Imagine you are standing at the base of a gangly tree. The tree leans slightly to your right. You want it to go left. Without wedges or winch or pushing. Let's say it's too big to push and too tall to put a line onto an upper branch to pull.

 

You basically have to put a humboldt sink in 25% (american style, sink is upside down). Then do a deliberate dutchman on the horizontal cut on the side away from you. Just to achieve another 10% of the diameter.

 

Then you have to do a series of progressively less deep cuts into the underside of the sink. See photo

 

Then you have to put your normal back cut in but with a tapered hinge (narrowing away from you). At the last moment and the hardest bit to do is swing the saw round to the offside and cut through the thinnest tip of the tapered hinge. You know this is gouing to trap the bar but it doesn't because of what happens next.
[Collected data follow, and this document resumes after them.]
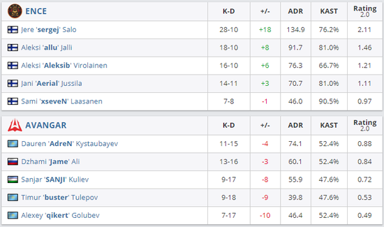 下半场ENCE拿下手枪局后,一路高歌猛进拿到赛点,最终下半场AVANGAR一分未得,ENCE以16-5轻松拿下第一场比赛的胜利,本场sergej拿到28个击杀,rating高达2.11。
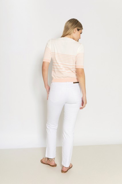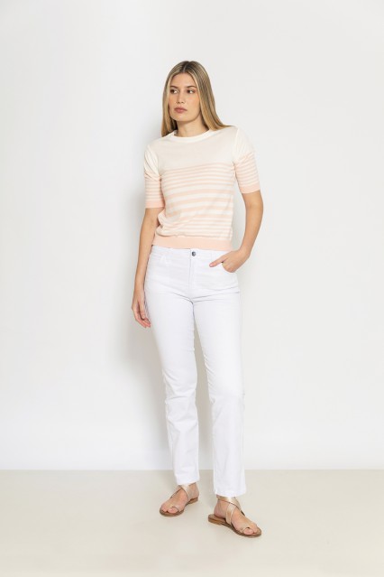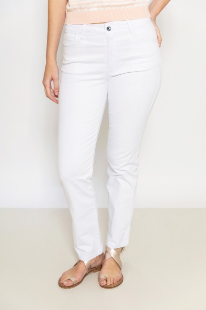 MÁS INFORMACION Realizado en Denim blanco confort, es decir que en su composición tiene elastano, lo que le aporta un calce excelente y gran comodidad en el uso. Cinco bolsillos, tiro medio alto. Corte recto, calce clásico. Botón metálico marcario. Un clásico que no te puede faltar en tu armario!
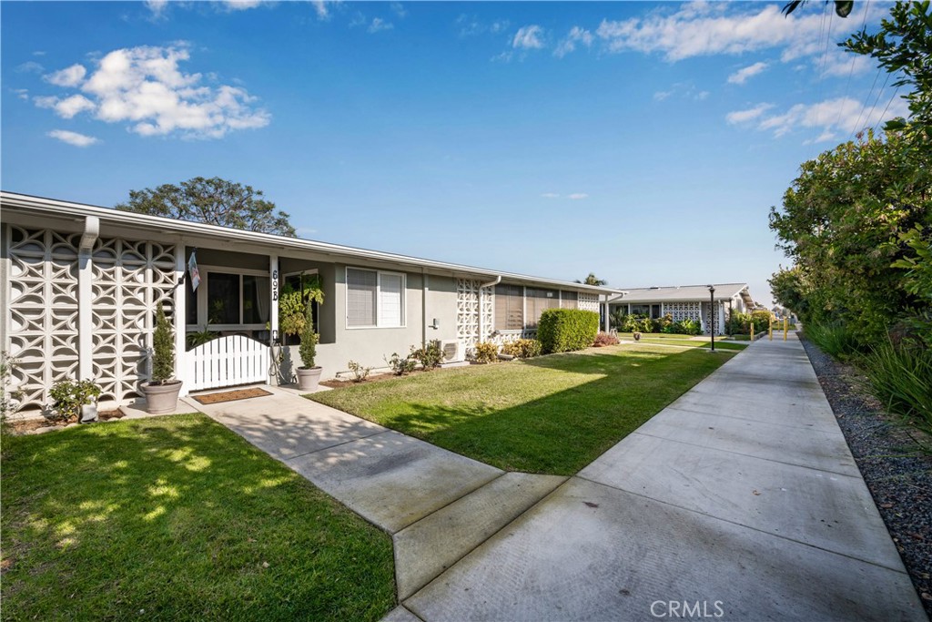 Charming cottage vibes in this partially expanded 1 bedroom 1 bathroom in Mutual 2. As you approach this private location you are greeted with a custom wooden entry gate, tiled patio with newer dual pane windows and custom outdoor sconces. Inside you have many upgrades including fresh paint throughout with redone electrical outlets. The kitchen is illuminated by open/closable skylight, adorned by new cabinet hardware and newer laminate flooring. Inside the bathroom you'll find updated vanity lighting and open/closable skylight. For those needing an extra space for your future home, this one bedroom has a fantastic expansion accommodating those with large furniture or needing an office or craft room in front with it's very own slider to the patio. Don't forget this home has an AC heat pump recently installed! Come see why 69B in Mutual 2 is so special! SENIOR COMMUNITY-OFFERS THE FOLLOWING AMENITIES: (CARPORT 33, SPACE 23) 9 Hole Golf Course, Swimming Pool, Jacuzzi, Gym, Table Tennis, Shuffle Board, Billiards, Pickle Ball, and Bocce Ball courts. Amphitheater, 6 Clubhouses featuring: Art Room, Sewing, Crafts, Wood Shops, Lapidary, Pool Tables, Over 200 Clubs, LWSB is a Security-Guard-Gated Community. Also Library, Friends of Library Bookstore, Credit Union, Health Care Center, Pharmacy and Post Office.

Pull the saw out sharpish and stand back and watch...

 

The stem starts to fall right and slightly away from you. Then it's weight causes its butt to sink into the scoop created by all those cuts into the underside of the sink. Those thin layers of wood bend or crack, converting the rightward drop of the stem into an away-from you drop, held by the thickly tapered hinge. By now, you should be marvelling at the graceful arc of the stem as the rightwardward weight converts to leftward momentum.

 

As the stem gets to the most away-from-you point, the slices run out and the scoop gets smaller, eventually turning into a normalish left-sided sink. Now you can watch and wonder as the stem stops going away from you and its weight and momentum pull it round to the left.

 

Then the hinge gives way as normal and the stem plops down on the left side as planned. It's a blessed miracle. Right lean becomes left fell.

 

I am thinking of it this way. The equivalent of a series of cornettos. Each one tricks the stem to go a little further left than it would. But once it starts moving the trickery becomes easier. And when you add up all the tricks, it has gone 180 degrees.